§ WHAT TO PRODUCE
After locating the line with "產品摘要:品質標準 中國紡織行業標準(FZ) 主要成分" below, output it and each following line exactly, stopping after the line with "- High-waisted leggings". No pictures.

§ EXTRACTED ENTRIES
- - - - -

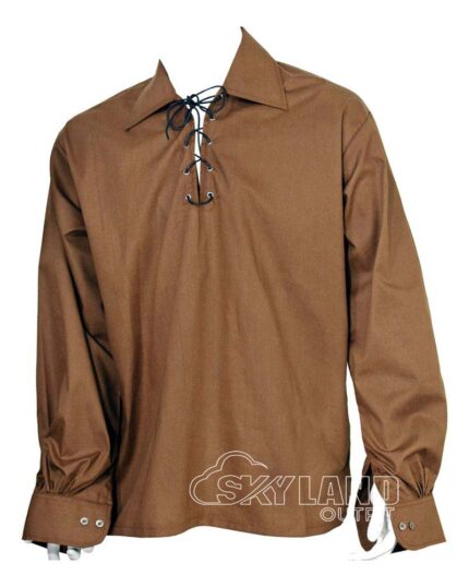 Moreover, the shirt includes a classic Jacobean lace-up front. It features a leather cord and metal eyelets. In addition, it has a lapel collar and drawstring accents for customizable fit. So, it layers smoothly with tartan kilts or utility kilts.
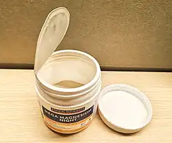 Magnesium glycinate, also known as magnesium diglycinate or magnesium bisglycinate, is the magnesium salt of glycinate. The structure and even the formula has not been reported. The compound is sold as a dietary supplement.[1][2] It contains 14.1% elemental magnesium by mass.
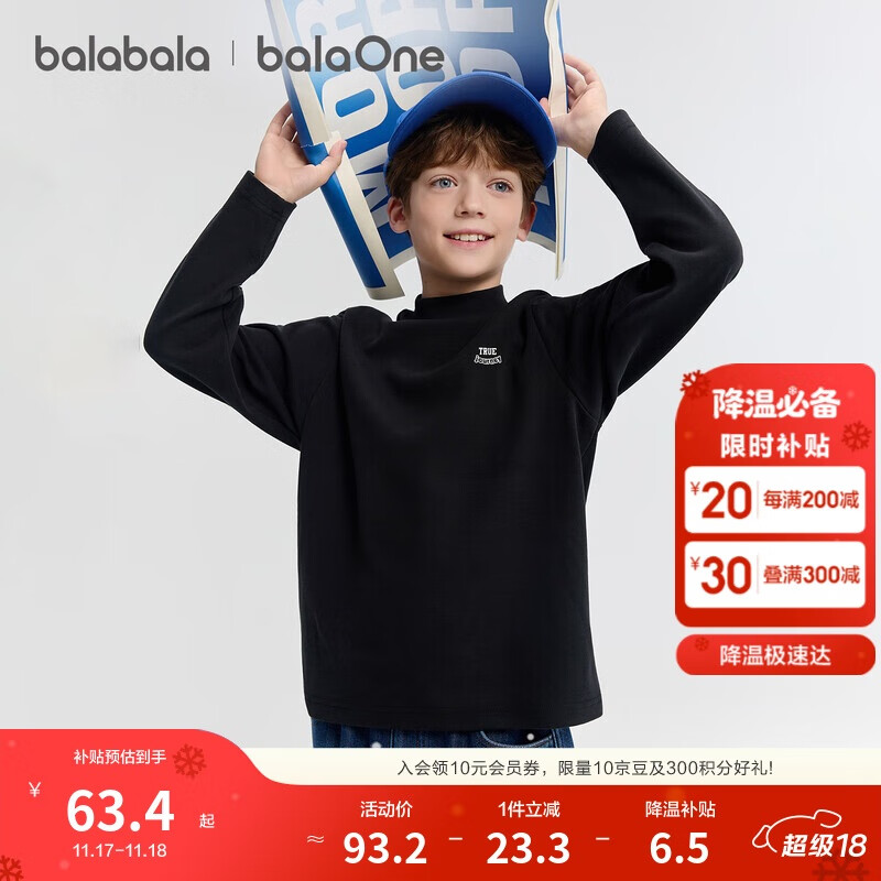 巴拉巴拉balaOne童装儿童长袖t恤男童女童2025冬季休闲打底衫208425100202
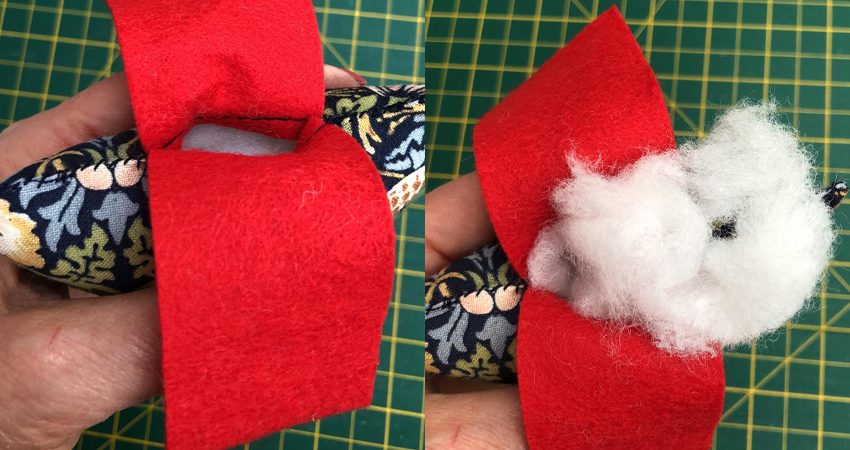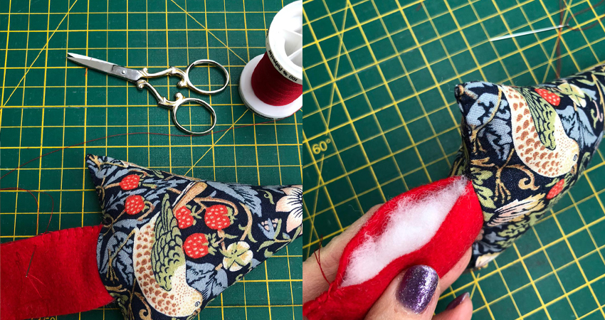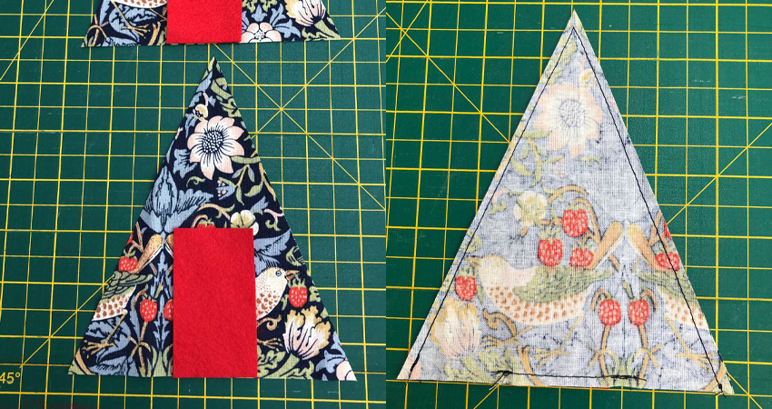 Turn inside out, we used a pencil to push out the point. Press along each edge with an iron and fill with stuffing, making sure to press firmly into the point. Don’t fill too full at the bottom edges as we’ll come back to this after stitching.
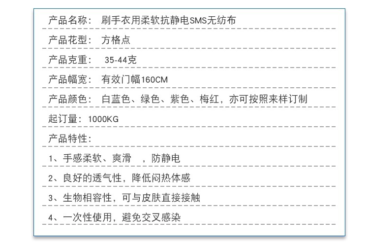 產品摘要:品質標準 中國紡織行業標準(FZ) 主要成分 無紡布 幅寬 有效門幅160cm 克重 35-44克(g/㎡) 成網方式 紡絲 主要用途 醫療衛生用布,家居家紡用布,收納、包裝用布 貨號 21 成分及
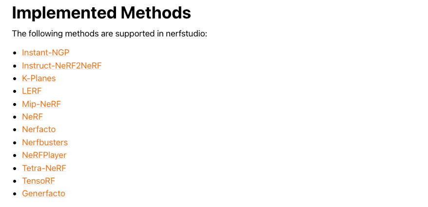 nerfstudioで使用可能なモデルはさまざまありますが、Nerfactoがデファクトで精度、速度に応じて好きなモデルを利用可能です。
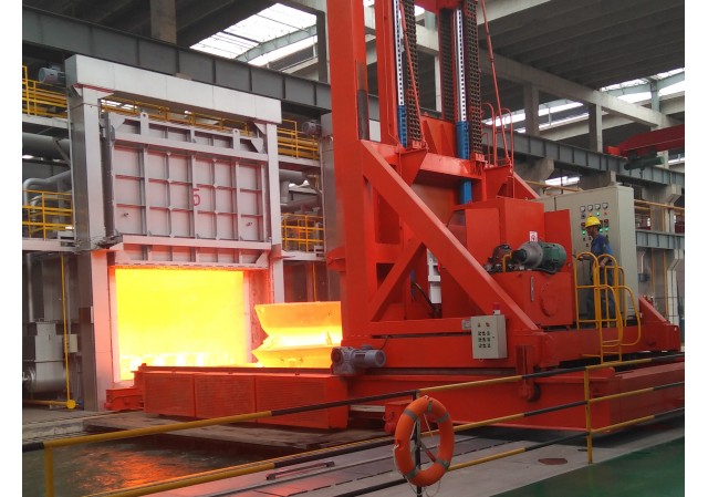 生產(chǎn)線配有一臺(tái)快速下水(油)淬火操作車,該操作車可上下、左右、前后六個(gè)方向移動(dòng)。工件熱處理完成后,操作車迅速進(jìn)入爐內(nèi)將工件從爐膛內(nèi)叉出,并快速落入水池或淬火液池內(nèi),整個(gè)轉(zhuǎn)移過程可控制在30秒內(nèi)完成。
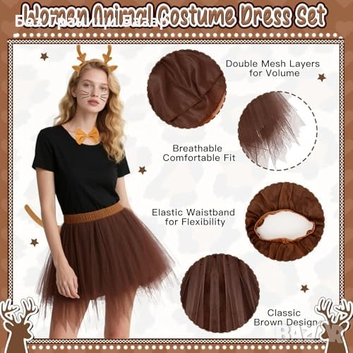 Комплект дамски еленов костюм с тюлена туту пола и аксесоари
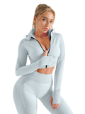- High-waisted leggings and crop tops: help show your body curve by tucking your abdomen and raising your hips. The front zipper and thumb hole make it easy to wear and comfortable.
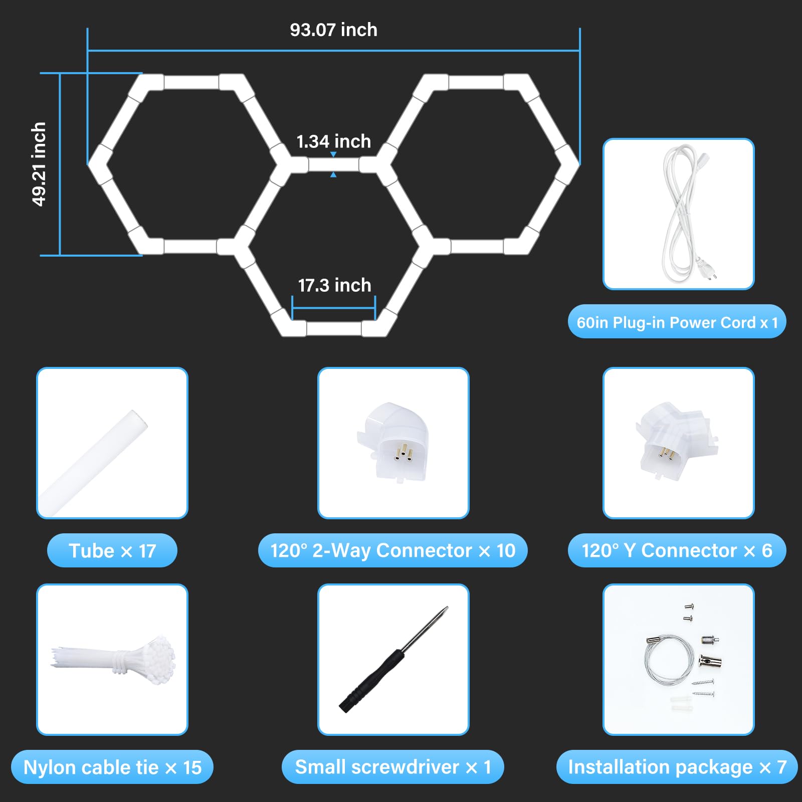 - 【DIY Combination】With different connectors, all light tubes can be freely combined to create unique and cool light shapes. Each light tube and connector is plug-and-play to fit different areas and shapes. You can purchase multiple kits to combine lights for a larger area
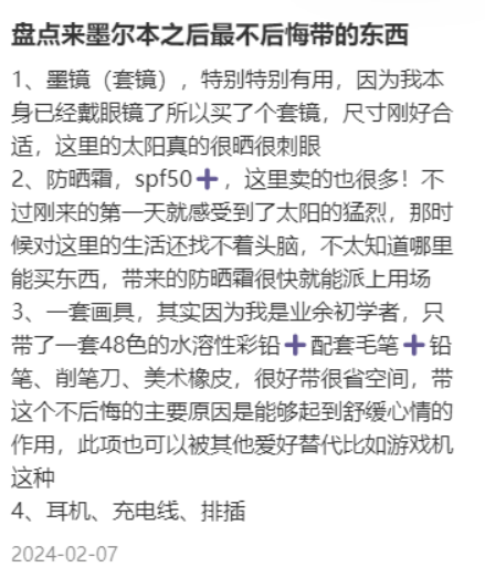 还有中国留学生直接发帖表示,自己最不后悔带到澳洲的东西就是墨镜。因为阳光太刺眼,紫外线强烈的地方墨镜太重要!

- - - - -

§ WRITTEN REPLY
 產品摘要:品質標準 中國紡織行業標準(FZ) 主要成分 無紡布 幅寬 有效門幅160cm 克重 35-44克(g/㎡) 成網方式 紡絲 主要用途 醫療衛生用布,家居家紡用布,收納、包裝用布 貨號 21 成分及
 nerfstudioで使用可能なモデルはさまざまありますが、Nerfactoがデファクトで精度、速度に応じて好きなモデルを利用可能です。
 生產(chǎn)線配有一臺(tái)快速下水(油)淬火操作車,該操作車可上下、左右、前后六個(gè)方向移動(dòng)。工件熱處理完成后,操作車迅速進(jìn)入爐內(nèi)將工件從爐膛內(nèi)叉出,并快速落入水池或淬火液池內(nèi),整個(gè)轉(zhuǎn)移過程可控制在30秒內(nèi)完成。
 Комплект дамски еленов костюм с тюлена туту пола и аксесоари
- High-waisted leggings and crop tops: help show your body curve by tucking your abdomen and raising your hips. The front zipper and thumb hole make it easy to wear and comfortable.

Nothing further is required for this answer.